Is 49, 3. 5-6; Sal 39; 1Cor 1, 1-3; Jn 1, 29-34

En sus locos deseos de hacerse amigo del hombre, la Trinidad ha abierto su seno y nos ha revelado sus secretos. Por eso sabemos que el Padre, viendo que los hombres, por nuestros pecados, nos habíamos apartado de Él y andábamos dispersos, cada uno tras nuestros intereses, decidió enviar a su Hijo al mundo para que redimiese al ser humano. Y, a la vez que depositaba al Verbo encarnado en el seno de una Virgen, grabó a fuego en su Corazón el deseo que a las Tres Personas unía: «desde el vientre me formó siervo suyo, para que le trajese a Jacob, para que le reuniese a Israel». He ahí toda la misión de Cristo; he ahí el único deseo de su Corazón: «habrá un solo rebaño, un solo pastor» (Jn 10, 16).

«Aquí estoy, Señor, para hacer tu Voluntad», respondió el Hijo, ya con labios de carne, mientras rezaba el salmo que hoy nosotros repetimos. «Dios mío, lo quiero, y llevo tu Ley en mis entrañas». Ya sabía Él, mientras lo decía, que si la causa de nuestra dispersión era el pecado, sólo un sacrificio expiatorio podría reunirnos de nuevo. Ya sabía el Buen Pastor que venía como Cordero cuando Juan lo señaló ante los hombres: «Éste es el Cordero de Dios, que quita el pecado del mundo». Ya sabía el Cordero que «iba a morir por la nación; y no sólo por la nación, sino para reunir en uno a los hijos de Dios que estaban dispersos» (Jn 11, 51-52). Por eso, poco antes de padecer gritó: «Que todos sean uno, como Tú, Padre, en Mí, y Yo en Ti» (Jn 17, 21). Después murió en una Cruz.

Hoy se anuncia a toda la tierra la buena noticia: Jesús ha resucitado.
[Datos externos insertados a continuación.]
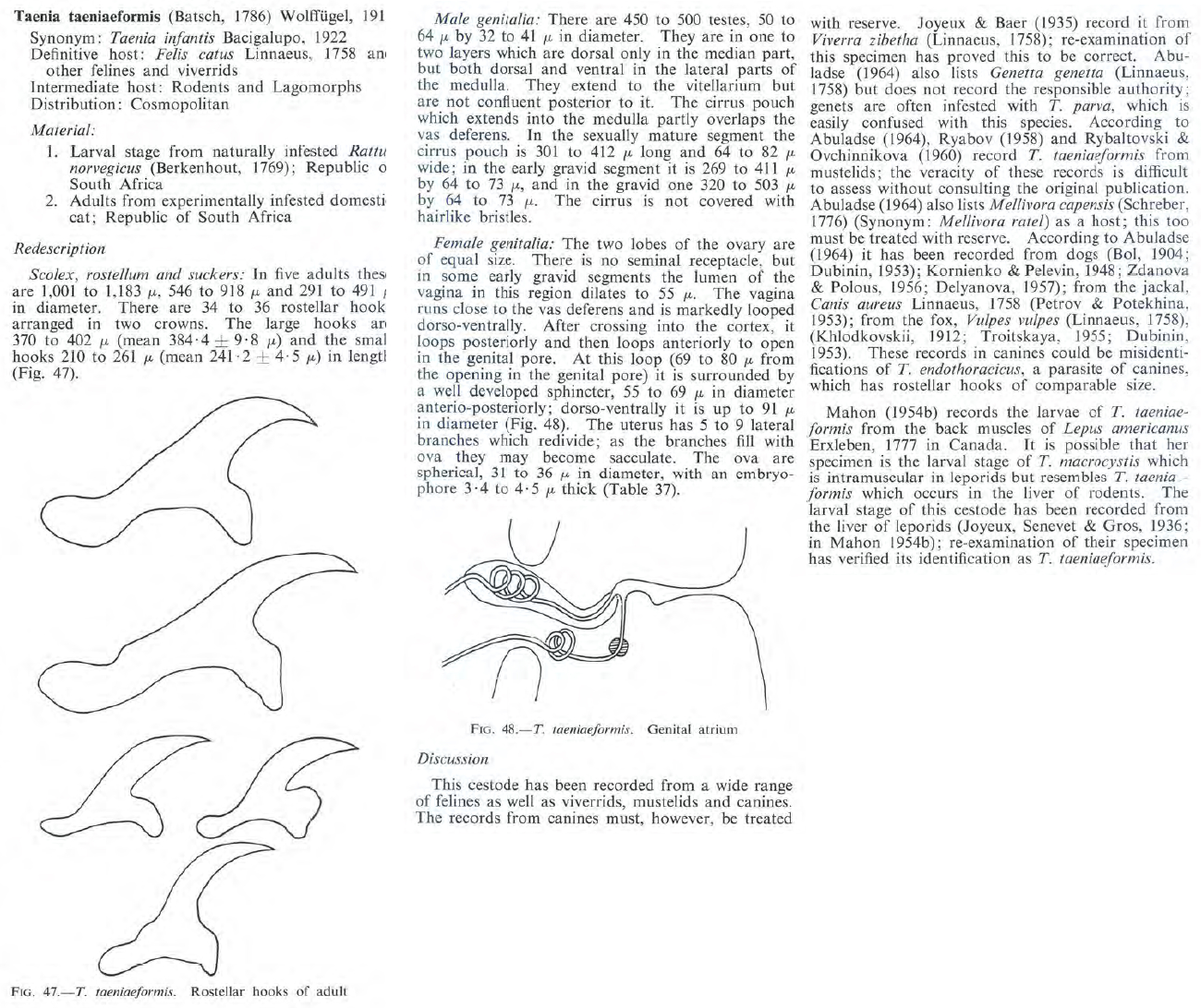 Verster, A. 1969. A taxonomic revision of the genus Taenia Linnaeus, 1758 s. str. Onderstepoort Journal of Veterinary Research 36: 3-58. (5737) Download PDF |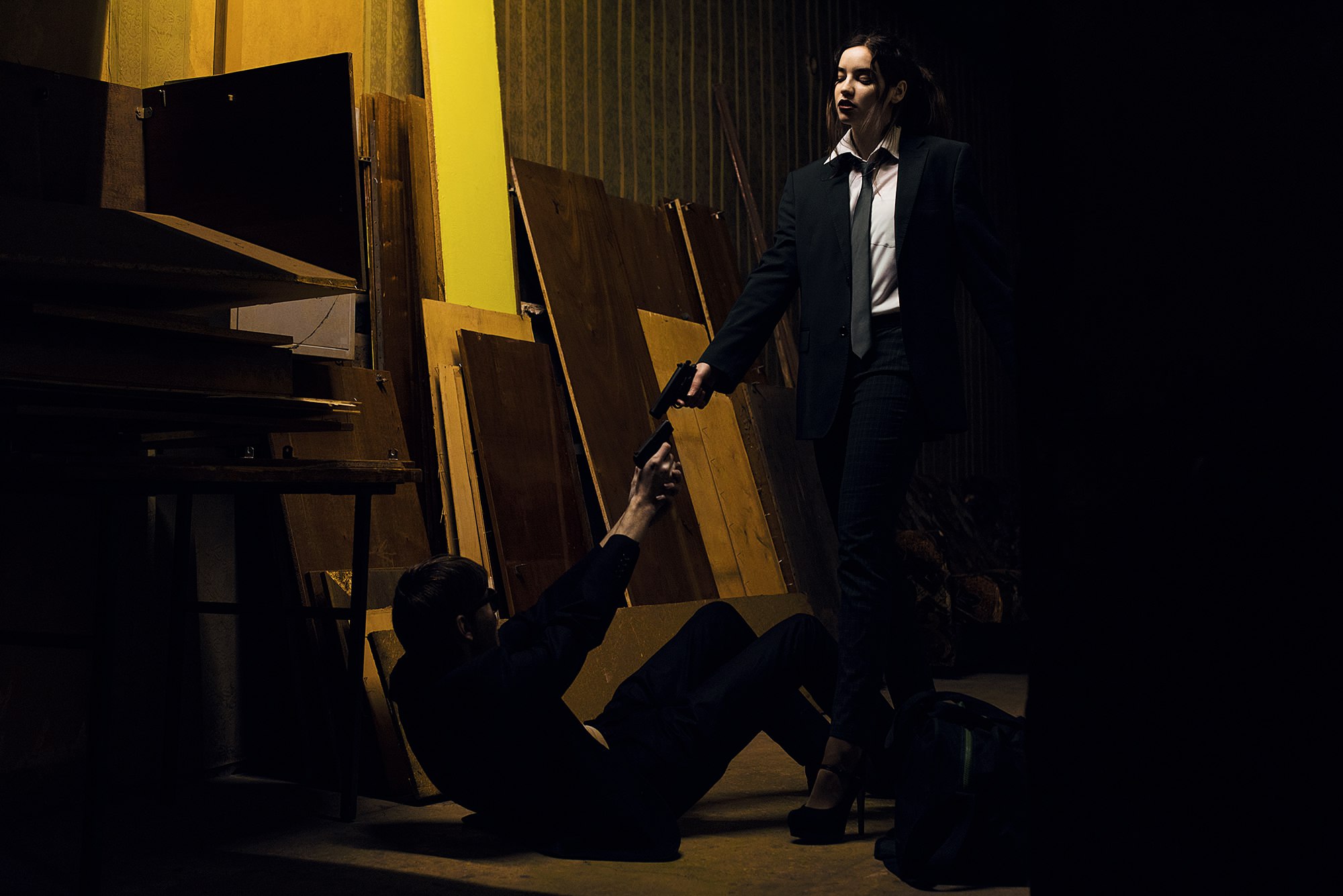 The whole idea was made by Rosa herself (and I myself did not want to go into this especially, because I did not represent it, and did not want to imagine what I could think of). The shooting took place in different places in a few days. It was both a studio and a cafe, and the room from which we were quickly kicked out by the evil aunt, although we did not interfere, and almost in the car (we had to lie in the trunk). The shooting took place in different places in a few days. It was a studio, a cafe, and a room from which the evil aunt quickly drove us out, even though we did not interfere, and almost in the car (I had to lie in the trunk). In general, this photo session I do not really like, except perhaps the post-frame shot taken in the studio. I even thought that they would exclude us ... but, surprisingly, we took 4th place! Well, I will not torment you and show you the whole series, according to the plot: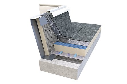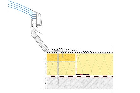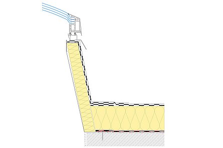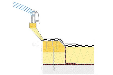 Ein Aufsetzkranz in passender Höhe birgt keines dieser Risiken – im Gegenteil. Der Einbau und der Anschluss an die Abdichtung gehen schneller und sind sicher: Wenn der Kranz auf dem Untergrund steht, wird die Dampfsperre waagerecht unter der Dämmung bis auf den Fußflansch verlegt. Das verursacht wenig Aufwände, und vor allem hat man in kürzester Zeit ein regensicheres Dach mit temporärer Behelfsabdichtung.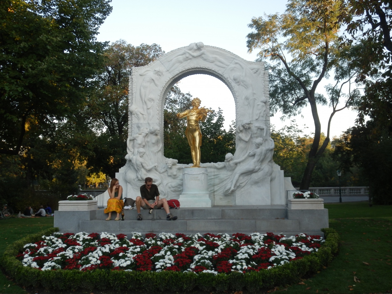 ウィーンの初の市立公園の中には多くの彫刻がある。中でも目をひくのがヨハン・シュトラウス2世である。バイオリンを奏でる金ぴかのこの像はひときわめだつ。そのほかにも、シューベルト、ブルックナーなどがありのんびり庭園を散策するのにもよい。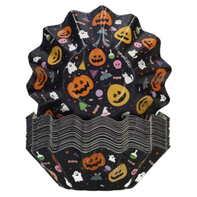 Du kan skapa unika cupcakes och muffins till Halloween med dessa veckade muffinsformar från FunCakes. Tillverkade i extra tjockt och fettresistent papper som gör att de står stadigt av sig själva, behöver du ingen muffinsplåt. Formarna har en dekorativ veckad design och är prydda med färgglada Halloweenmotiv som pumpor, spöken och fladdermöss. Perfekta till både cupcakes, muffins, brownies och andra godsaker som blir ett blickfång på gottebordet. Antal: 48 stycken. Storlek: Ø8 cm. Höjd: 3,5 cm. Tål temperatur upp till 220°C.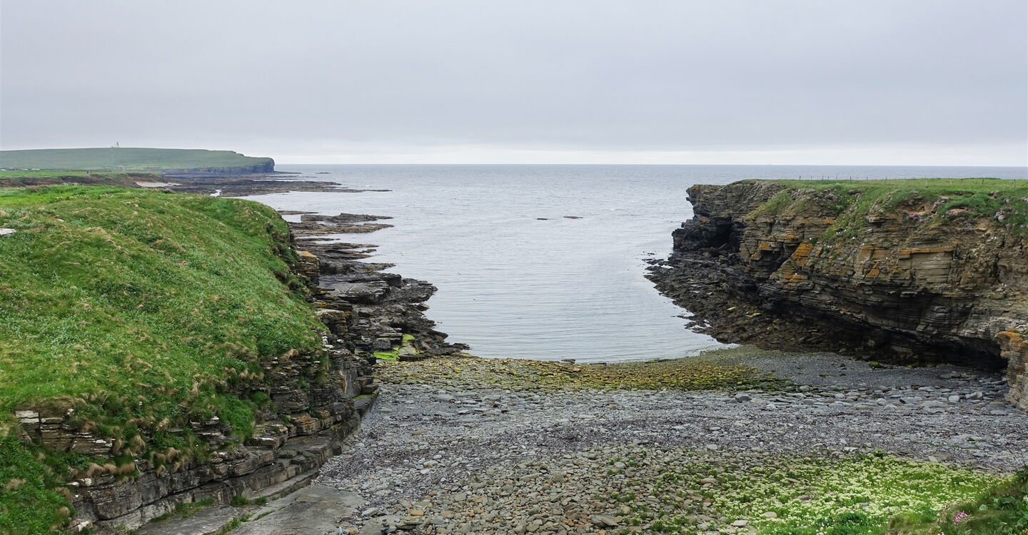 Vom Parkplatz gehen wir direkt über das Kirchengelände an der Kirche vorbei. Durch die kleine Pforte gelangen wir an die Küste, an der wir rechts oberhalb der Klippen entlang der 01 geschützten Bucht (1 m) wandern. Bei einer passenden Stelle steigen wir zum Strand herunter und gehen durch das große Halbrund der Bucht. Es geht über platt geschliffene Steine, Seetang und Sand, bis wir die Slipanlage von Birsay erreichen. Von dort ist bereits der betonierte Weg durch die Meeresenge zu erkennen.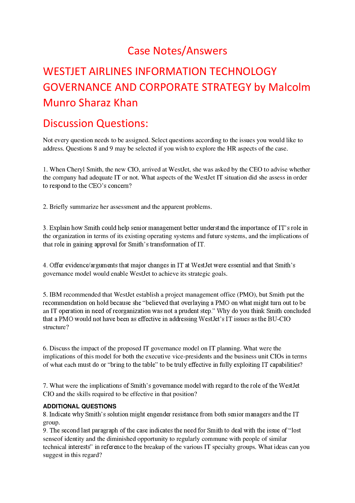 Education > HARVARD CASE SOLUTIONS > Case Notes Answers for WESTJET AIRLINES INFORMATION TECHNOLOGY GOVERNANCE AND CORPORATE STRATEGY by Malcolm Munro Sharaz Khan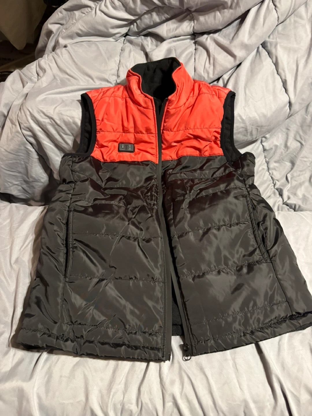 Here's a new puffer vest in a stylish two-tone design! The top is a vibrant orange and the bottom is a sleek grey. It's perfect for adding a layer of warmth on those cooler days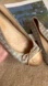 There is a gold leather patch professionally sewn on each shoe. Professionally Re-soled bottoms. Estimated to fit a size 9-9.5 (but see the measurements)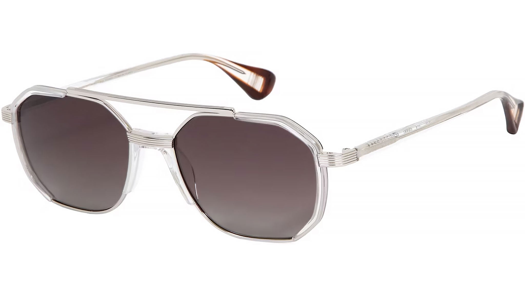 Occhiali da sole Gigi Studios modello 6670 Grant codice colore 8 in argento. Un occhiale classico di forma aviator full rim in acetato e metallo con lenti marrone sfumato. Il marchio garantisce la massima qualità costruttiva, grazie alla meticolosa selezione dei materiali, in collaborazione con i migliori fornitori italiani, tedeschi e giapponesi. Gigi Studios offre un'esperienza visiva eccezionale con lenti CR-39, confortevoli e sicure, che assorbono efficacemente i raggi UVA e UVB.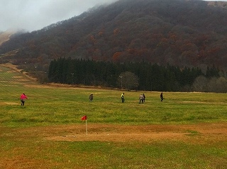 直富生物探検隊の次は、女子の中に混ざって参加してくれた「スイーツ男子」による、スキー場に向かってナイスショット♪の披露!!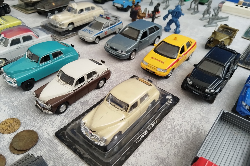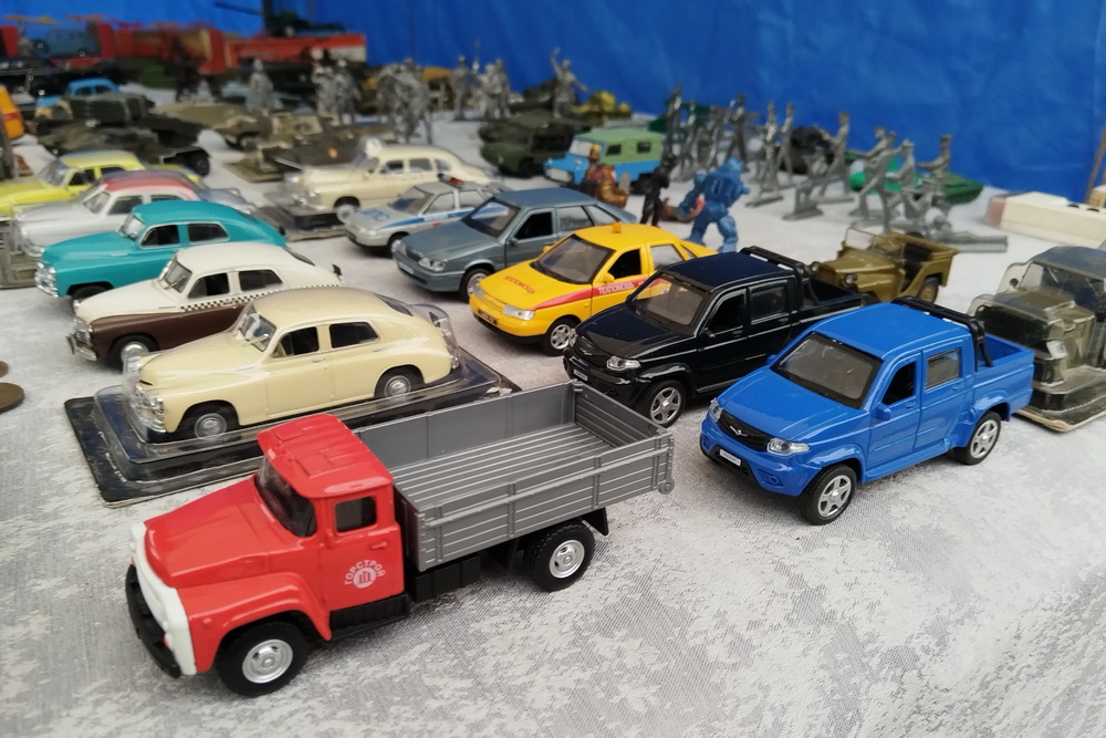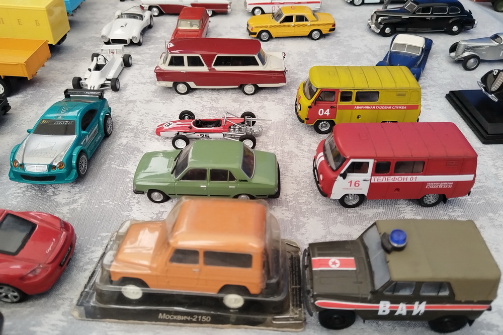 Экспозиция включает не только заводские модели, но и изделия ручной работы. Так, уазик-«буханка», выполненный из картона и смолы с мельчайшей детализацией, обойдётся в 800 рублей.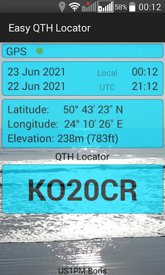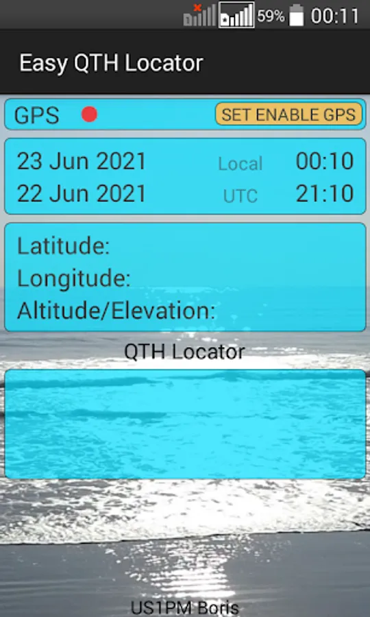 This app displays the current value QTH Locator, calculated based on the geographical coordinates obtained from the satellites of the GPS system, mobile network, Wi-Fi.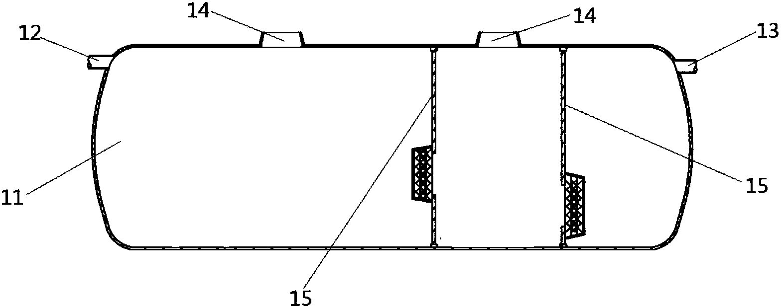 1.一種格柵井,其特征在于,包括筒體(11),所述筒體(11)上設置有進口(12)、出口(13)和清掏口(14);

El perdón se derrama gratuitamente desde la Cruz gloriosa a todos los hombres… Cuantos creemos en Cristo estamos hoy convocados en el Calvario, y el pregón lo grita, en esta mañana de Luz, el apóstol Pablo: «a los consagrados por Cristo Jesús, a los santos que él llamó y a todos los demás que en cualquier lugar invocan el nombre de Jesucristo, Señor de ellos y nuestro». En torno a esa Cruz luminosa, en torno al altar, se hará realidad el sueño por el que Jesús murió, y el deseo que, ya resucitado, ha manifestado a los suyos: «que se predicara en su nombre la conversión para el perdón de los pecados a todas las naciones, empezando desde Jerusalén» (Lc 24, 47). Hay un punto de encuentro: Jerusalen, el Calvario… ¡El altar! Sólo en torno a la Cruz se cumplirá la unidad de todos los que creemos en Cristo. Y -no lo olvides- a la Cruz hay que ir desnudo: hay que dejar atrás nuestra casa, nuestros intereses, juicios y opiniones tan… personales.

¡Despojémonos, pues, y corramos hacia el altar! ¡Confesemos nuestros pecados, para que nos sean perdonados, y comulguemos en el Cuerpo y la Sangre de Cristo! Entonces, hechos uno con Él y unidos a María, elevemos nuestra plegaria, y ofrezcamos también en el altar nuestras vidas, para que se acerquen aquéllos que aún faltan… Pero -no lo olvidemos- esa unidad sólo se realizará en torno al altar, en torno a la Cruz.